Using the Reshape Inference Feature

Introduction (C++)

C++

OpenVINO™ provides two methods for runtime model reshaping: setting a new input shape and setting a new batch dimension value.

Set a new input shape with the reshape() method

The InferenceEngine::CNNNetwork::reshape method updates input shapes and propagates them down to the outputs of the model through all intermediate layers.

NOTES :

  • Starting with the 2021.1 release, the Model Optimizer converts topologies keeping shape-calculating sub-graphs by default, which enables correct shape propagation during reshaping in most cases.

  • Older versions of IRs are not guaranteed to reshape successfully. Please regenerate them with the Model Optimizer of the latest version of OpenVINO™.

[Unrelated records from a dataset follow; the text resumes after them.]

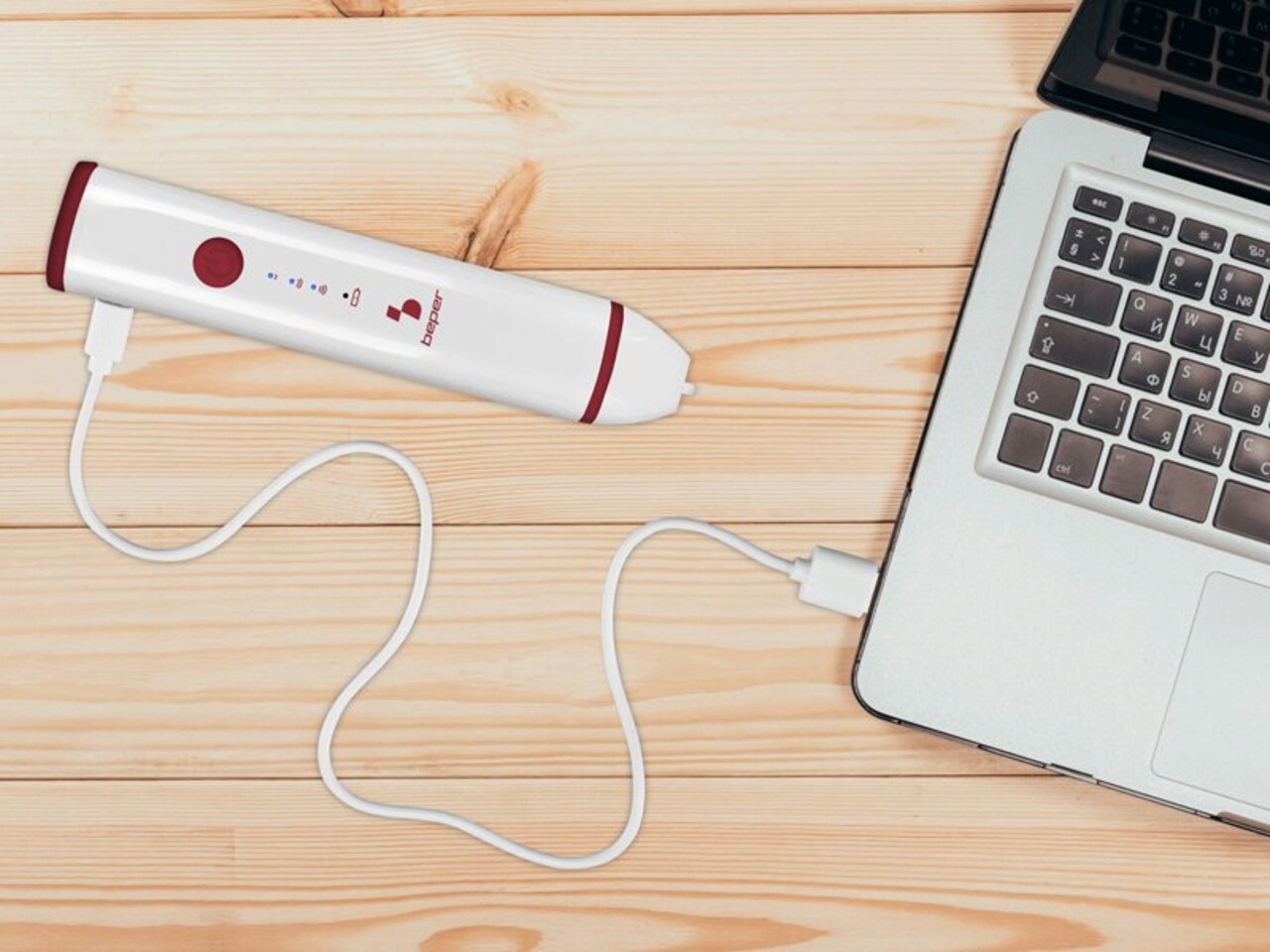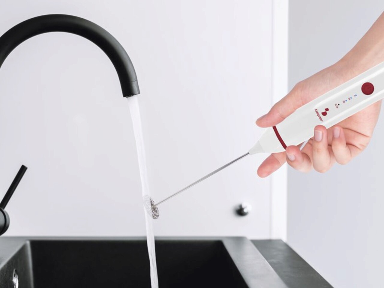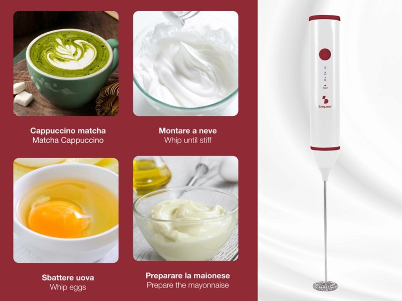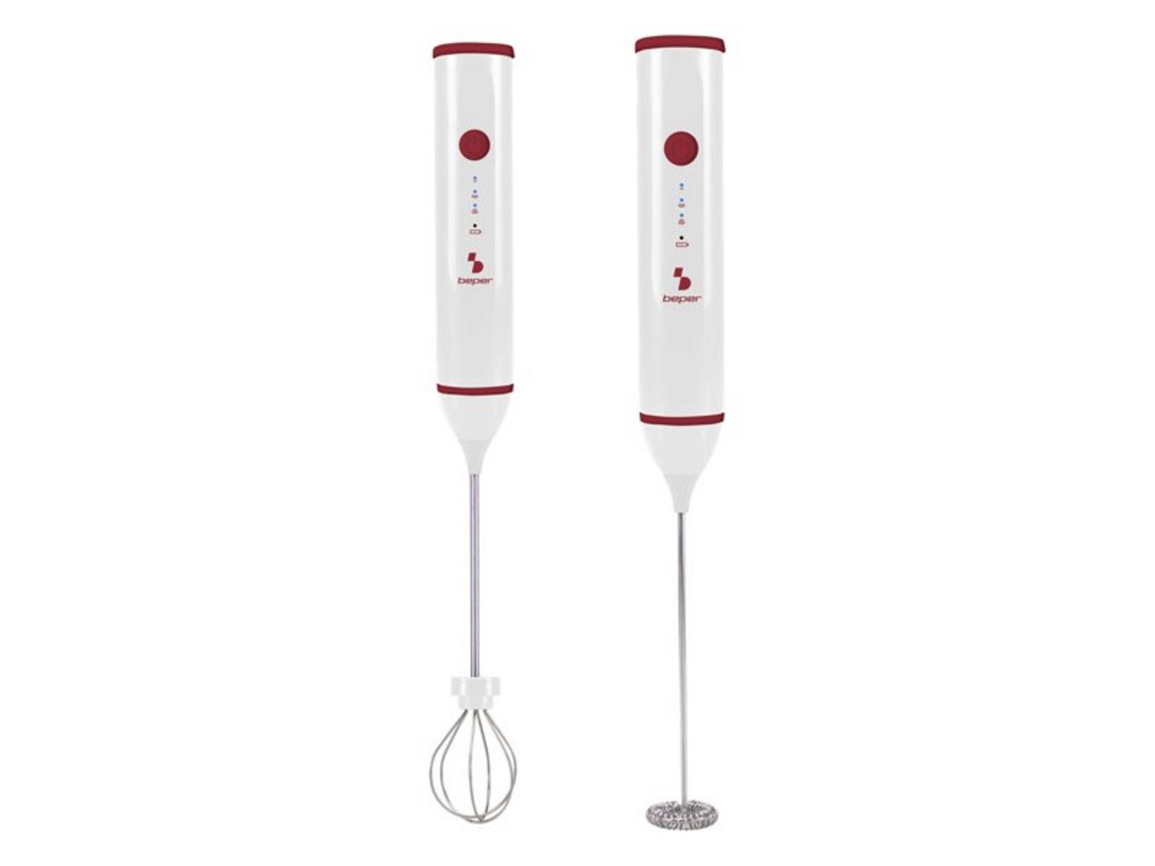 Spumator reincarcabil prin USB Beper, 3x3x28 cm, inox/plastic, alb/rosu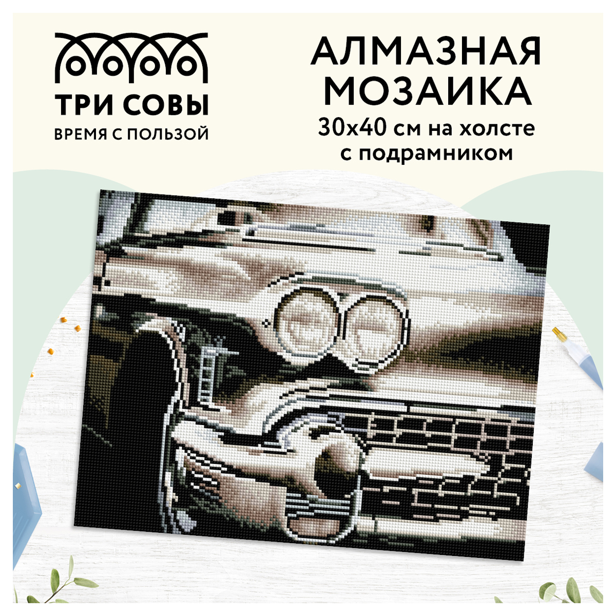 О товаре «Алмазная мозаика ТРИ СОВЫ "Винтажный автомобиль", 30*40см, холст на деревянном подрамнике, картонная коробка с пластиковой ручкой»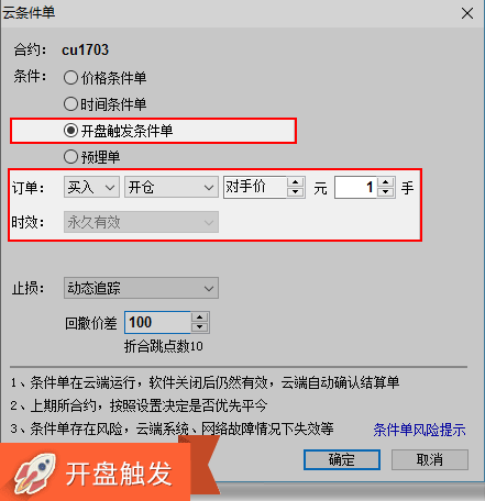 如下图,设置开盘触发条件单,系统会在开盘瞬间自动发出委托,远远大于人脑的反应速度和操作速度,能够让委托在更有利的价位成交。 www.cxh99.com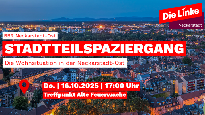 Die Linke Kreisverband Mannheim lädt zum Stadtteilspaziergang „Die Wohnsituation in der Neckarstadt-Ost“ ein. Wann: Donnerstag, 16.10.2025, 17 Uhr. Wo: Alte Feuerwache. Dauer: ca. 1,5 Stunden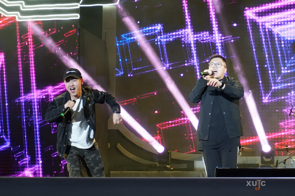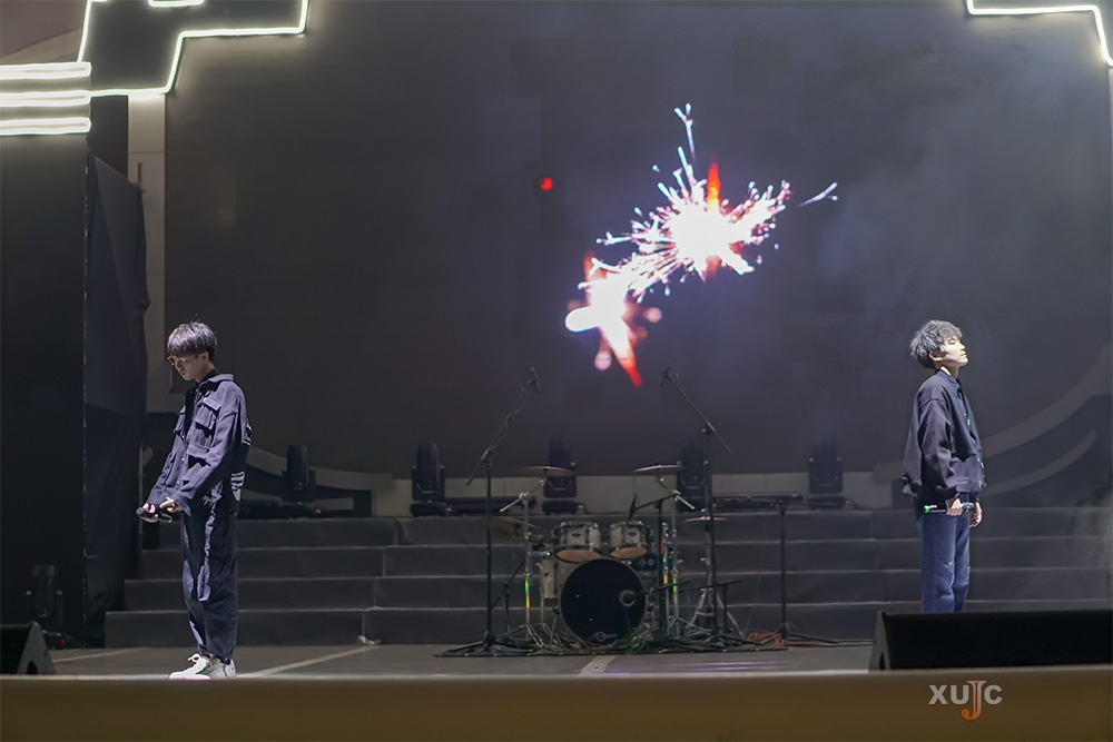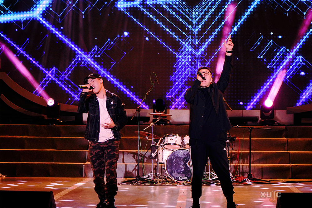 2015级人文与传播学院学子李士瑜和校友王国涛合作,带来了一首点燃全场的Rap《Don’t Stop》。这次上台,对这位准毕业生触动很大。他说:“为了展现更好的舞台效果,大家都在努力着。就像歌名《Don’t Stop》,未来我们也要不停地努力。我希望,毕业后还能回来参加校友歌会。”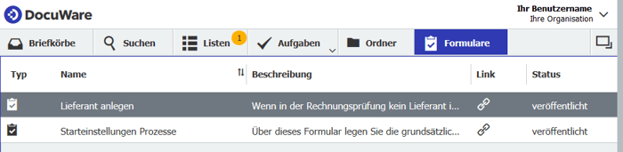 - Auch in der DocuWare Konfiguration können Sie direkt auf das Fomular zugreifen: > Konfigurationen > Formulare > Lieferant anlegen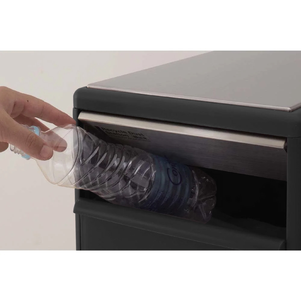 「口コミ」でもご好評の人気のタワー型ダストボックス!場所をとらずに隙間に収まる省スペースが魅力。たったの幅25.5cmの収まる縦型5分別のスリムなごみ箱。ゴミ箱本体は水・汚れを簡単に拭き取れます。収納物やゴミの中身が透けない仕様に変更になりました。環境への意識の高まりからどんどん細分化するゴミ分別。すっきりスマートにこなしたいものです。「分別スウィングステーション」なら、最大5段タイプまで揃ったダストボックスです。付属のステッカーでひと目で生ゴミからリサイクルまで分別できるごみ箱です。人気の秘密はゴミ箱としては珍しい幅25.5cmのキッチンの隙間に収まるサイズ。場所をとらない、上方向の空間を有効に使える隙間型・縦型(タワー型)分別で、せまい幅でもしっかり多分別が可能なキッチンダストボックスです。【分別しやすい考えられた構造】上段は缶などの投入口を隠したスイング扉。引き出しの内部はレジ袋をかけて分別できます。最下段は足で踏んでフタが開閉するペダル式です。手を使わずにゴミが捨てられるので、調理中にも便利です。水、汚れを簡単に拭き取れる樹脂製で清潔に使えます。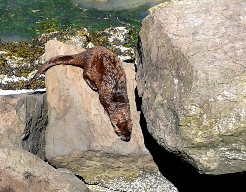 otter at Boulevard Park Published April 9, 2014 at 820 × 640 in “Kinship with All Life” In Bellingham, WA, an otter swam up to the rocks right below me and played around in the boulders for 15 or 20 minutes…. ?????????????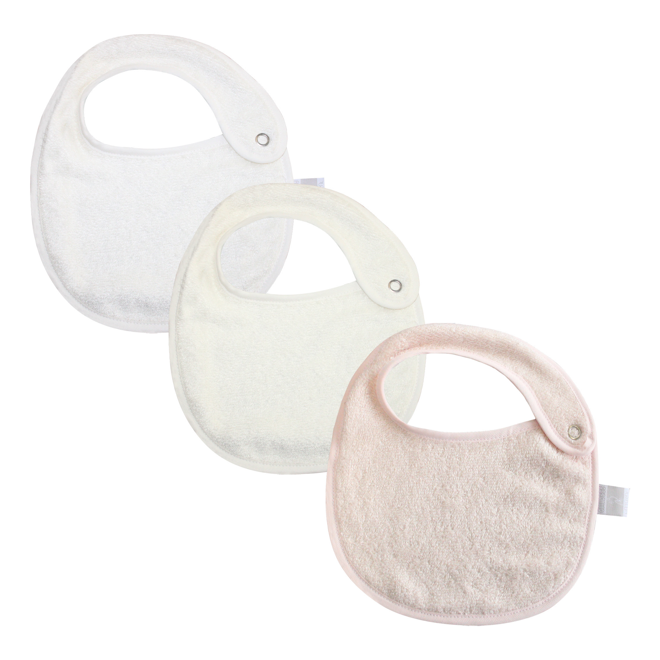 3-teiliges Lätzchen-Set aus einfarbigem Bambusschwamm – Weiß, Cremeweiß, Rosa

  • If an ONNX model does not have a fully defined input shape and the model was imported with the ONNX importer, reshape the model before loading it to the plugin.

Set a new batch dimension value with the setBatchSize() method

The meaning of a model batch may vary depending on the model design. This method does not deduce batch placement for inputs from the model architecture. It assumes that the batch is placed at the zero index in the shape for all inputs and uses the InferenceEngine::CNNNetwork::reshape method to propagate updated shapes through the model.

The method transforms the model before a new shape propagation to relax a hard-coded batch dimension in the model, if any.

Use InferenceEngine::CNNNetwork::reshape instead of InferenceEngine::CNNNetwork::setBatchSize to set new input shapes for the model if the model has one of the following:

You can change input shapes multiple times using the InferenceEngine::CNNNetwork::reshape and InferenceEngine::CNNNetwork::setBatchSize methods in any order. If a model has a hard-coded batch dimension, use InferenceEngine::CNNNetwork::setBatchSize first to change the batch, then call InferenceEngine::CNNNetwork::reshape to update other dimensions, if needed.

Inference Engine takes three kinds of a model description as an input, which are converted into an InferenceEngine::CNNNetwork object:

  1. Intermediate Representation (IR) through InferenceEngine::Core::ReadNetwork

  2. ONNX model through InferenceEngine::Core::ReadNetwork

  3. nGraph function through the constructor of InferenceEngine::CNNNetwork

InferenceEngine::CNNNetwork keeps an ngraph::Function object with the model description internally. The object should have fully-defined input shapes to be successfully loaded to Inference Engine plugins. To resolve undefined input dimensions of a model, call the CNNNetwork::reshape method to provide new input shapes before loading to the Inference Engine plugin.

Run the following code right after InferenceEngine::CNNNetwork creation to explicitly check for model input names and shapes:

CNNNetwork network = ... // read IR / ONNX model or create from nGraph::Function explicitly
const auto parameters = network.getFunction()->get_parameters();
for (const auto & parameter : parameters) {
    std::cout << "name: " << parameter->get_friendly_name() << " shape: " << parameter->get_partial_shape() << std::endl;
    if (parameter->get_partial_shape().is_dynamic())
        std::cout << "ATTENTION: Input shape is not fully defined. Use the CNNNetwork::reshape method to resolve it." << std::endl;
}

To feed input data of a shape that is different from the model input shape, reshape the model first.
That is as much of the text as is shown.